**About this task**. Every line from the one holding "最高一株樹木有兩三人高,樹干" through the last line of the records must be retyped exactly, and no other line or picture may appear in the copy.

[[ Material for this exercise, beginning ]]

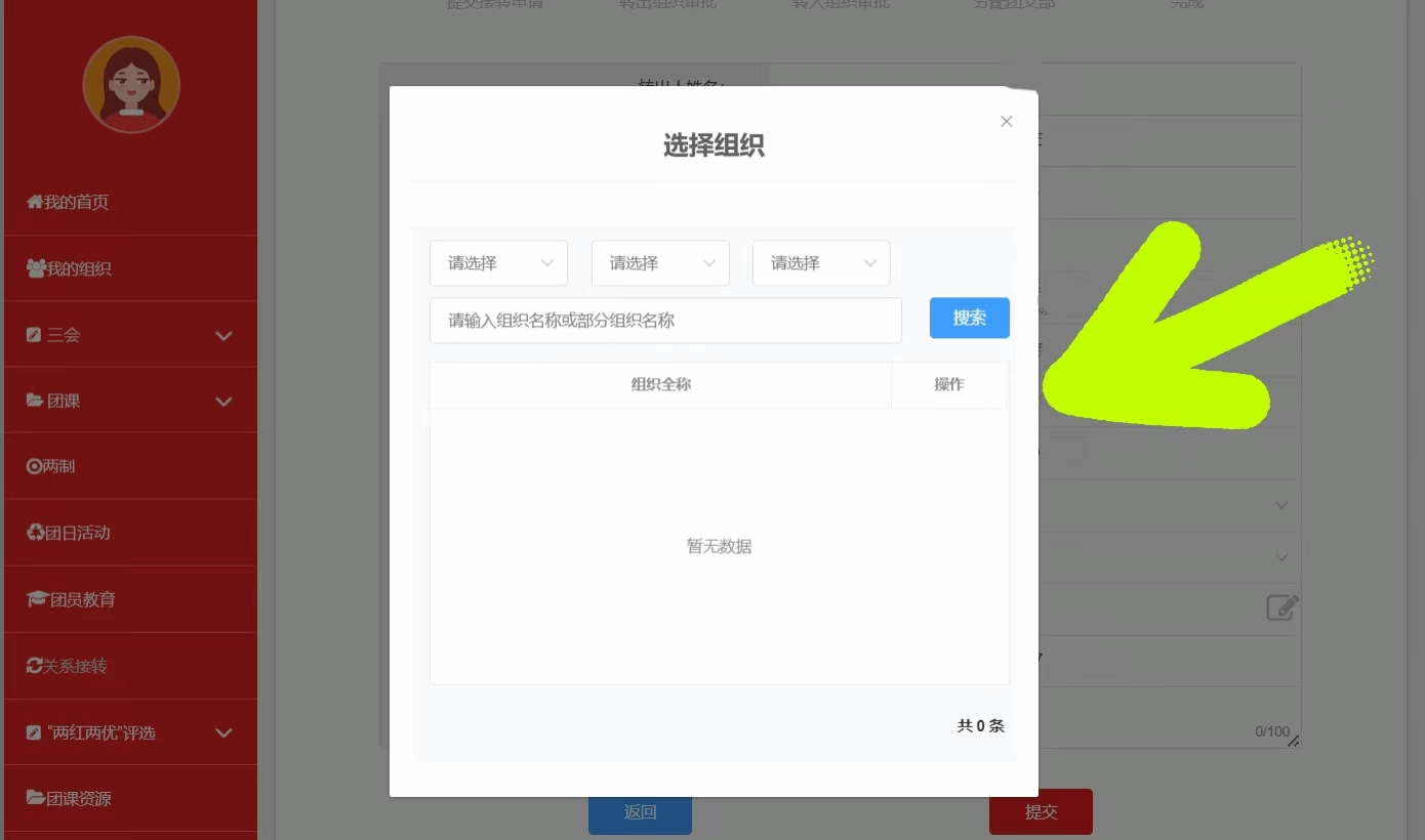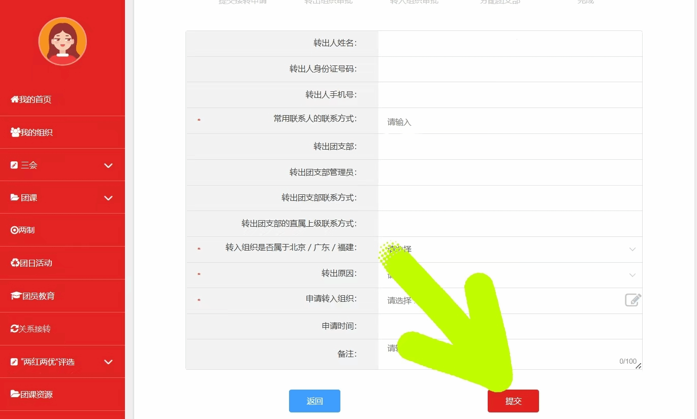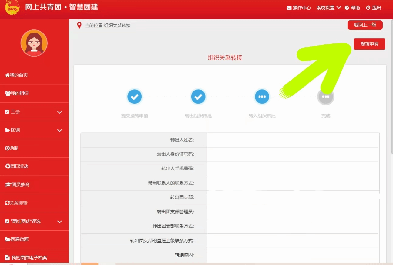 【注】①转入组织若为北京/广东/福建,须明确转入团组织在北京/广东/福建系统内的组织全称,并在发起业务界面准确无误地填写转入团组织名称。②转出原因:升学。
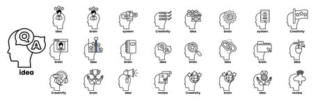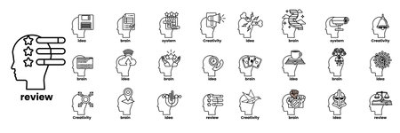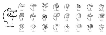 A Set of illustrations in the concept of brain and things in line art style
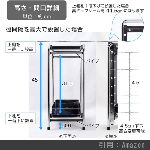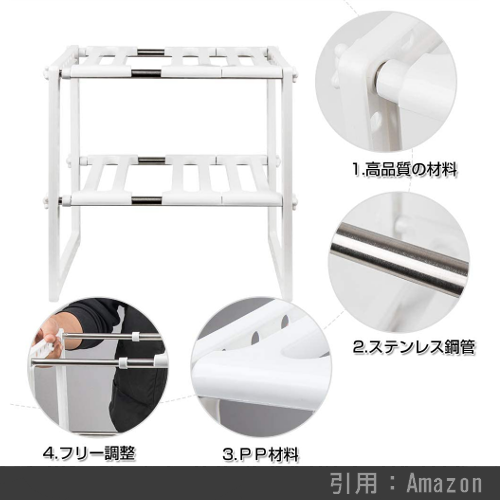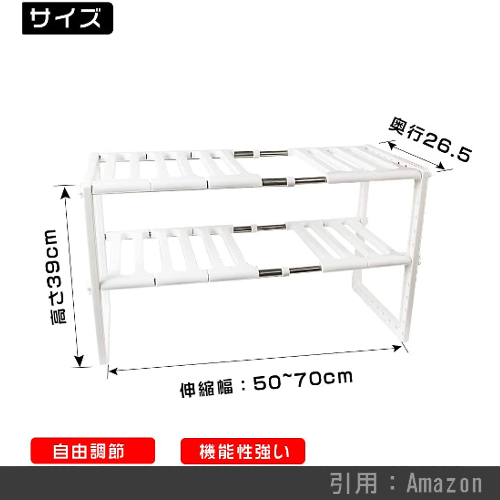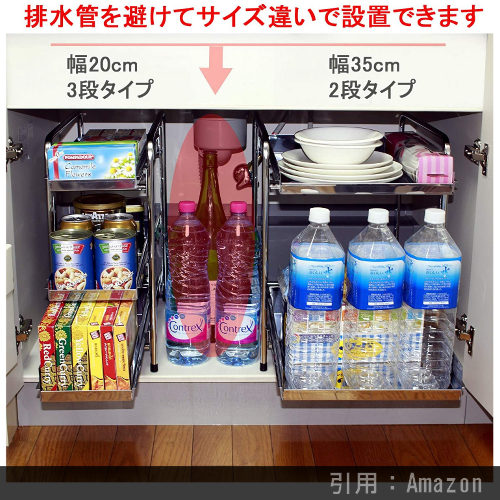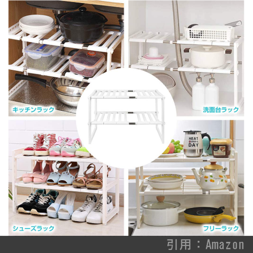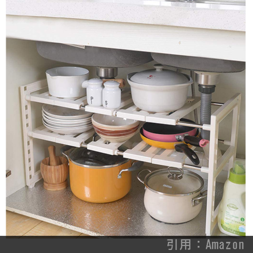 おそらくコストパフォーマンス最高のフリーラックです。ワンルームマンションありがちな『シンク下の空間』を上手く利用できるため、キッチン用品や洗剤等 いろいろなアイテムを収納するのに役立ちます。
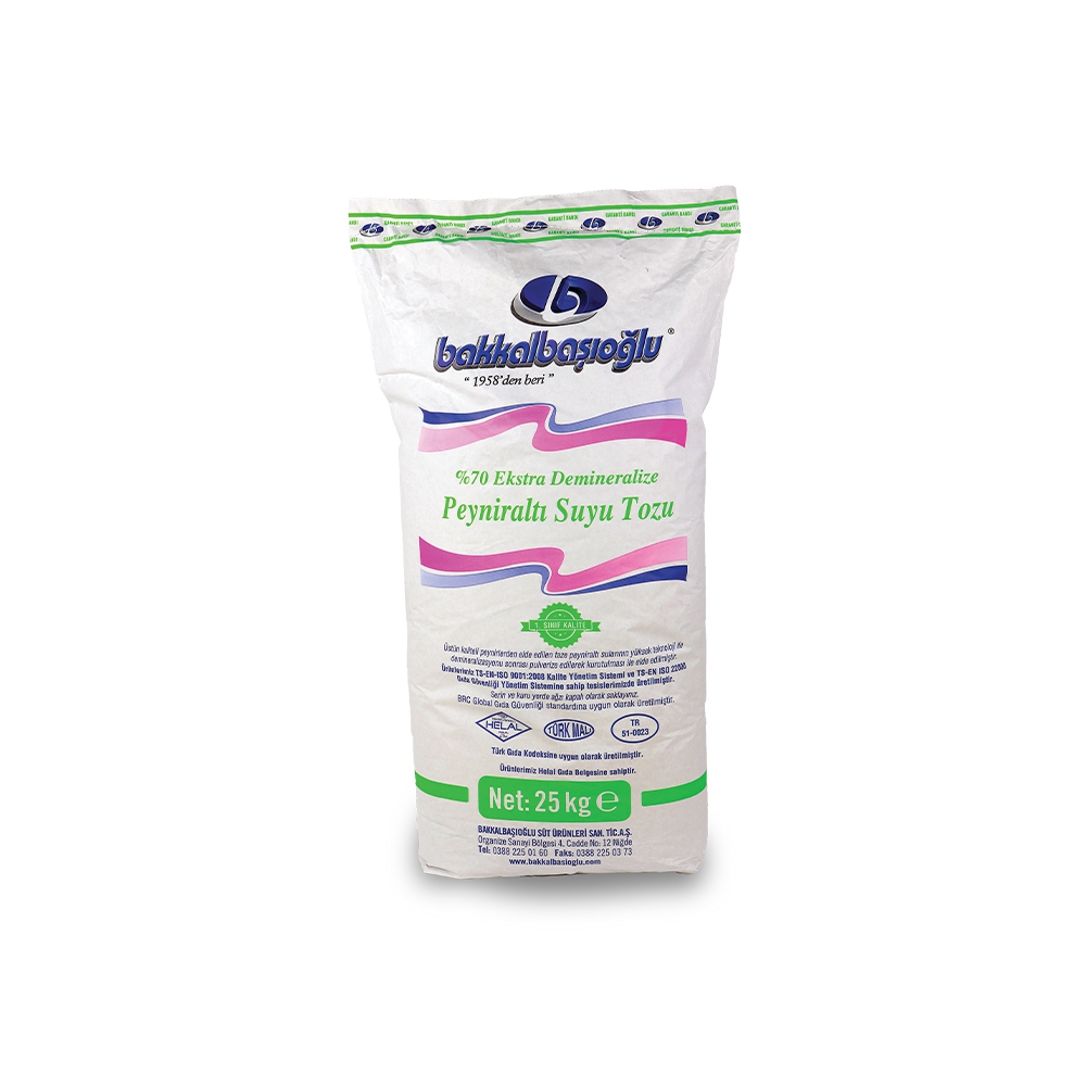 BAKKALBAŞIOĞLU %70 DEMİNERALİZE PEYNİRALTI SUYU TOZU 25 KG
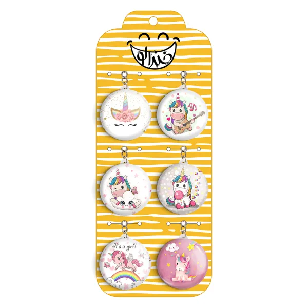 پک 6 عددی جاکلیدی خندالو طرح یونیکورن (Unicorn) با استفاده از روکش سلفون حرارتی مات ضدخش تولید شده که خاصیت ضدخش بودن آن عمر مفید استفاده از جاکلیدی ها را افزایش میدهد. چاپ جاکلیدی ها با دستگاه های استاندارد و با بهترین سطح کیفیت صورت گرفته و طرح با شفافیتی مثال زدنی و با سلفون چسبی تولید شده است که باعث شده محصول نهایی بدون شکست نور دیده شود. همچنین بسته بندی جذاب و مینیمال جاکلیدی ها، آنها را محصولی مناسب هدیه کرده است. زنجیر و حلقه بکار برده شده در جاکلیدی خندالو از نوع حلقه درجه یک و ضخیم و محکم بوده و حین استفاده آسیب نمی بیند. قطعی پشتی جاکلیدی از جنس ABS شفاف سفید رنگ تولید شده که در مقابل خط و خش مقاوم بوده و به هیچ عنوان دچار شکستگی نخواهد شد.
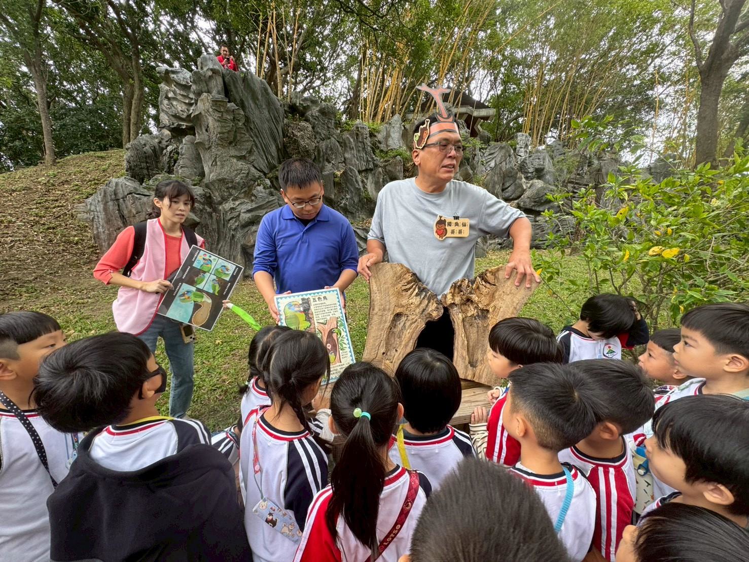 附幼森林班老師黃珠娟與馮宜華帶領幼兒們與志工家長與美侖獨角仙哥哥~園藝部主任黃勝裕相見歡,由他導覽解說,陪伴孩子們以五感親近自然,內容豐富、環節連貫,讓幼兒在遊戲式探索中,學習植物、生態與環境知識。
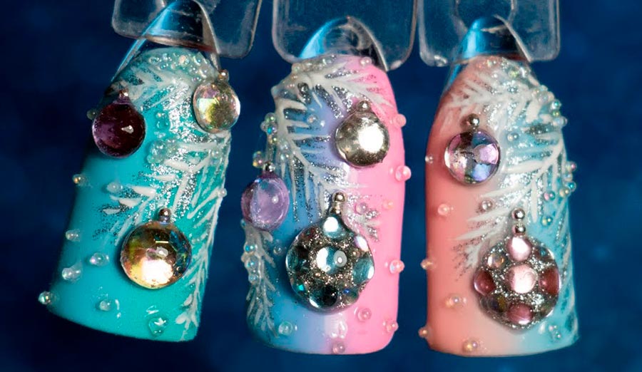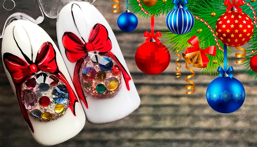 Pourquoi ne pas représenter toute la variété des décorations de sapin de Noël sur vos ongles ? L'arrière-plan des dessins peut être une couleur verte classique "arbre de Noël", sur laquelle vous pouvez dessiner des boules rouges, blanches, dorées et argentées, et utiliser non seulement des paillettes et du papier d'aluminium, mais également des strass.
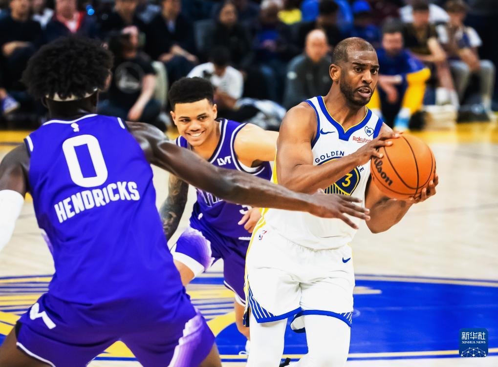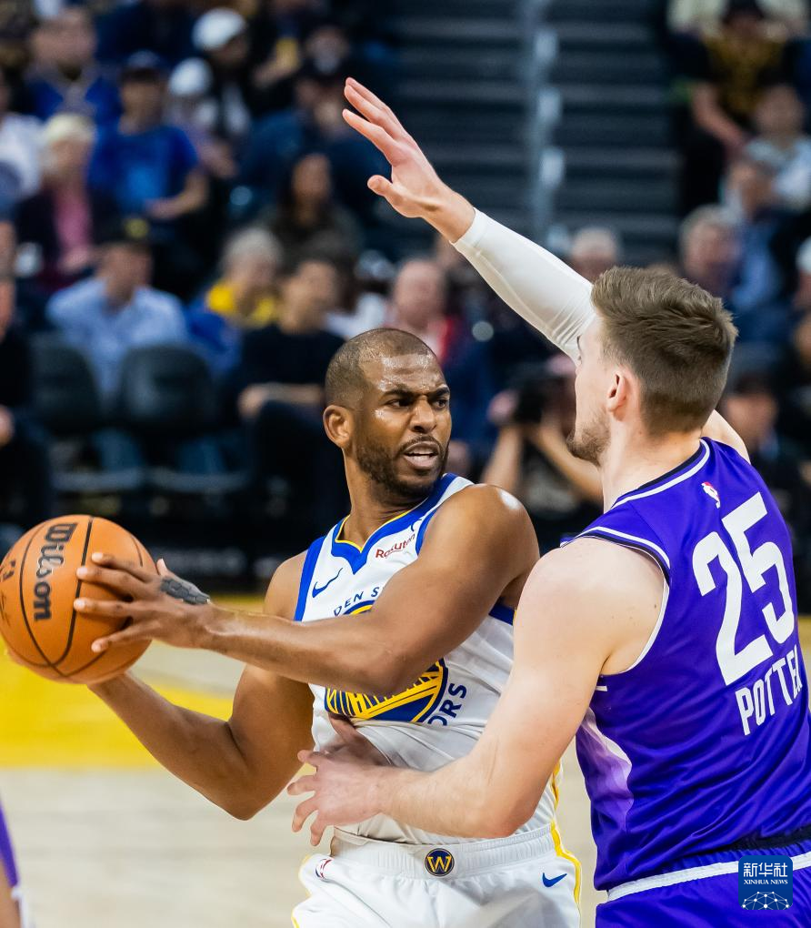 4月14日,勇士队球员保罗(上)在比赛中进攻。新华社发(董旭东摄)
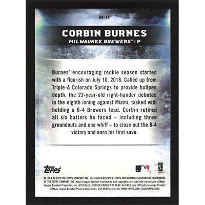 This is a 2019 Bowman Platinum Renowned Rookies Corbin Burnes baseball card. The card is #RR-14 and pictures show condition. Team(s): Milwaukee Brewers Rookie Card (RC)
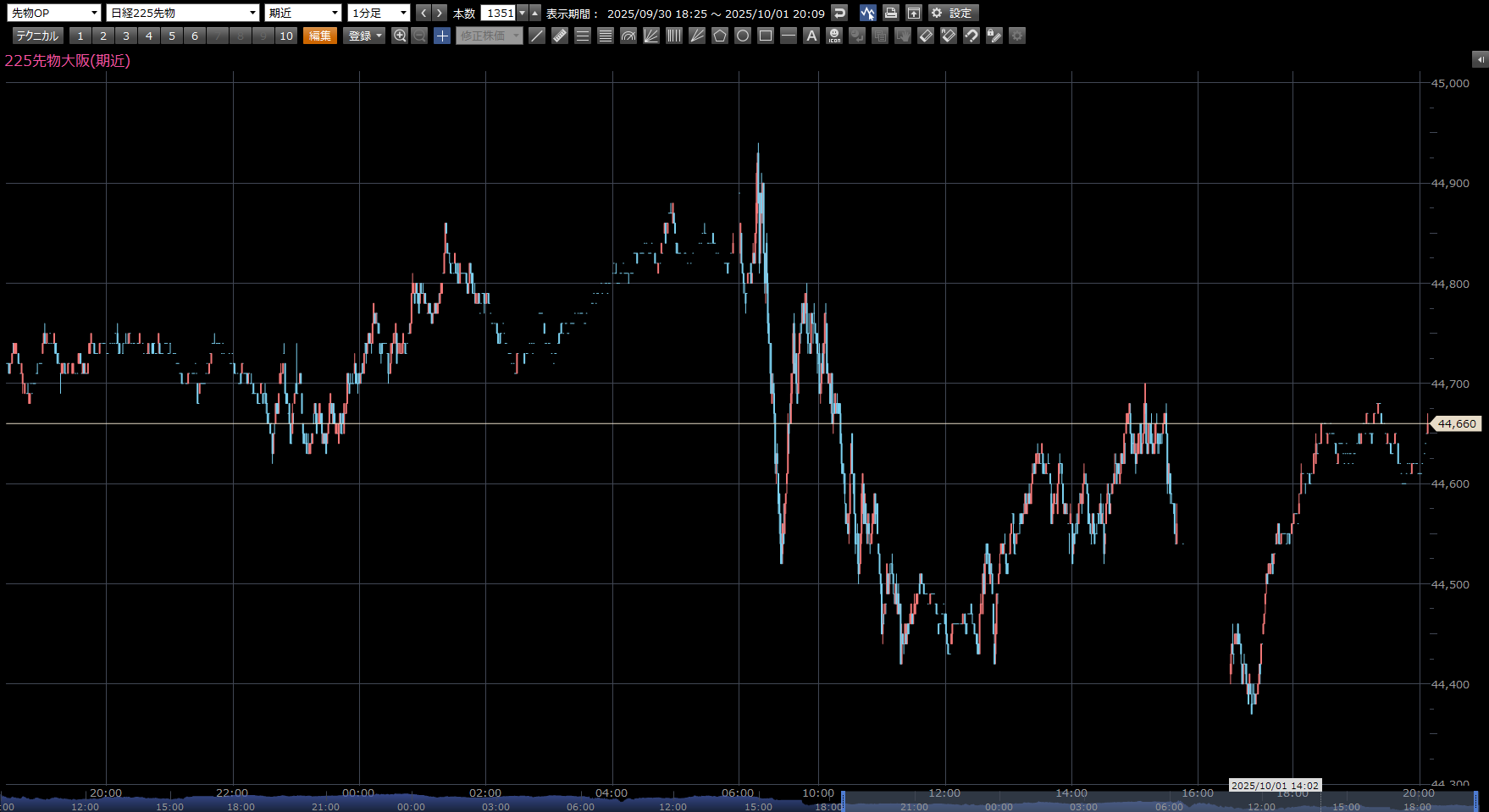 本日の日経先物の注目ポイントは、上 44940円。 下 44740円。
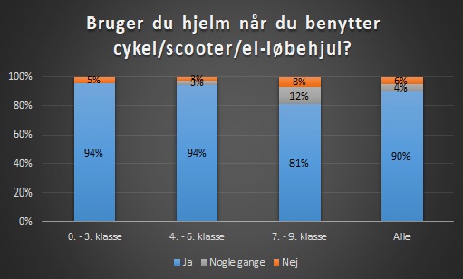 I 0. - 3. klasse har 94% af eleverne svaret, at de bruger hjelm, når de kører på cykel. I 4. - 6. klasse er det 94% og i 7. - 9. klasse er det 81% af eleverne, der har svaret, at de bruger hjelm.
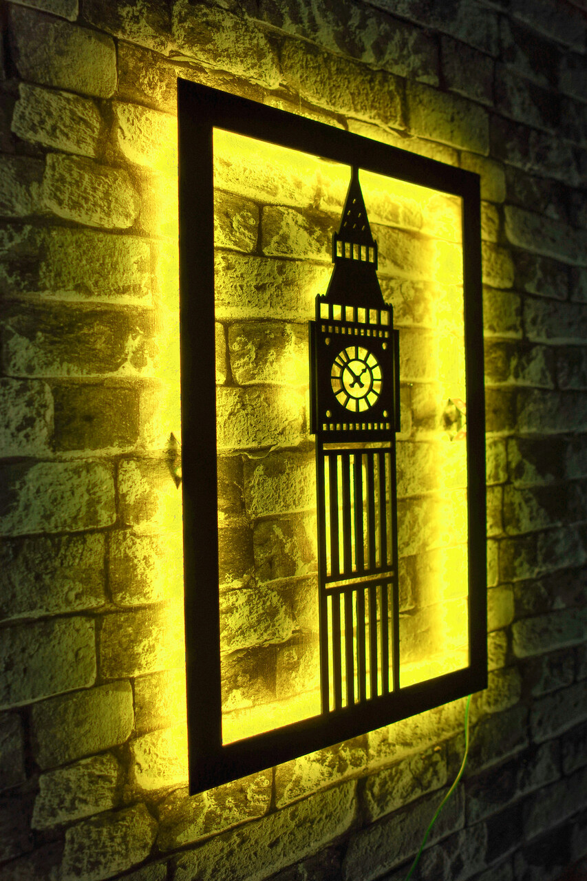 Decoratiune luminoasa LED, Big Ben, MDF, 60 LED-uri, Galben
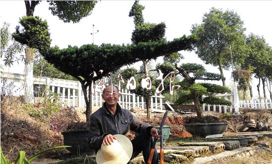 最高一株樹木有兩三人高,樹干集中在一起被修剪成一只山羊的別墅景觀形狀,有意思的是,山羊的腳下還“踩著”幾叢樹枝,似乎剛吃完草抬起頭的樣子。“羊要吃草,腳下有綠意才能代表心想事成。”60歲的李榮佳解釋他的作品,說樹木的生長(zhǎng)有它們自己的“想法”,這棵樹已經(jīng)有姿態(tài)了,他只是在其生長(zhǎng)的基礎(chǔ)上“再加工”。
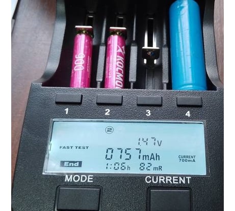 После трех циклов разряд-заряд, емкость батареек ~650 mAh
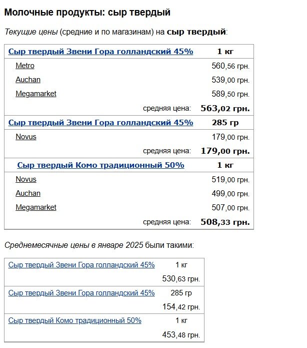 У сегменті молочної продукції особливої уваги заслуговує сир "Звени Гора голландський" 45% жирності, середня ціна якого досягла 563,02 гривні за кілограм. Доступнішою альтернативою є сир "Комо традиційний" 50% жирності із середньою ціною 508,33 гривні за кілограм.
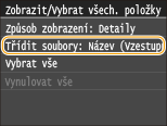 Můžete vybrat konkrétní nastavení řazení, například <Název (Vzestupně)> nebo <Datum/Čas (Vzestupně)>, a zadat je jako výchozí nastavení řazení souborů.
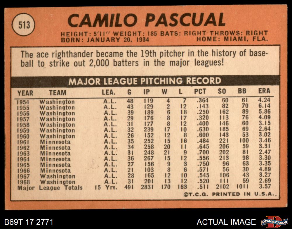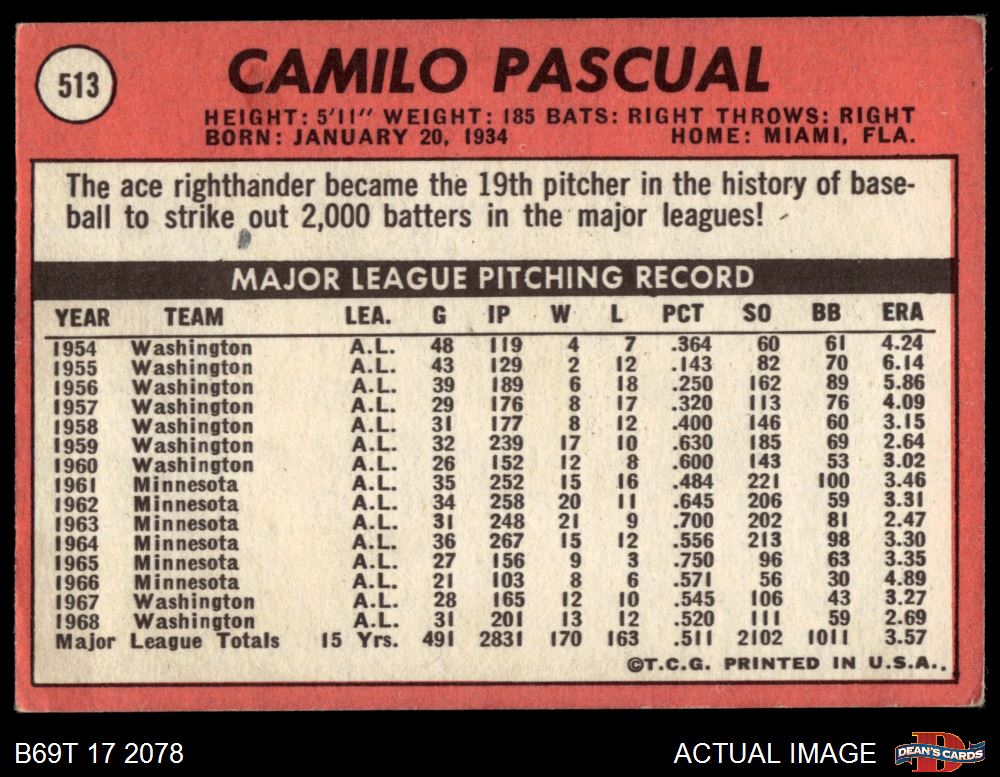 1969 Topps #513 Camilo Pascual

[[ Material for this exercise, end ]]

**Answer**.
 最高一株樹木有兩三人高,樹干集中在一起被修剪成一只山羊的別墅景觀形狀,有意思的是,山羊的腳下還“踩著”幾叢樹枝,似乎剛吃完草抬起頭的樣子。“羊要吃草,腳下有綠意才能代表心想事成。”60歲的李榮佳解釋他的作品,說樹木的生長(zhǎng)有它們自己的“想法”,這棵樹已經(jīng)有姿態(tài)了,他只是在其生長(zhǎng)的基礎(chǔ)上“再加工”。
 После трех циклов разряд-заряд, емкость батареек ~650 mAh
 У сегменті молочної продукції особливої уваги заслуговує сир "Звени Гора голландський" 45% жирності, середня ціна якого досягла 563,02 гривні за кілограм. Доступнішою альтернативою є сир "Комо традиційний" 50% жирності із середньою ціною 508,33 гривні за кілограм.
 Můžete vybrat konkrétní nastavení řazení, například <Název (Vzestupně)> nebo <Datum/Čas (Vzestupně)>, a zadat je jako výchozí nastavení řazení souborů.
 1969 Topps #513 Camilo Pascual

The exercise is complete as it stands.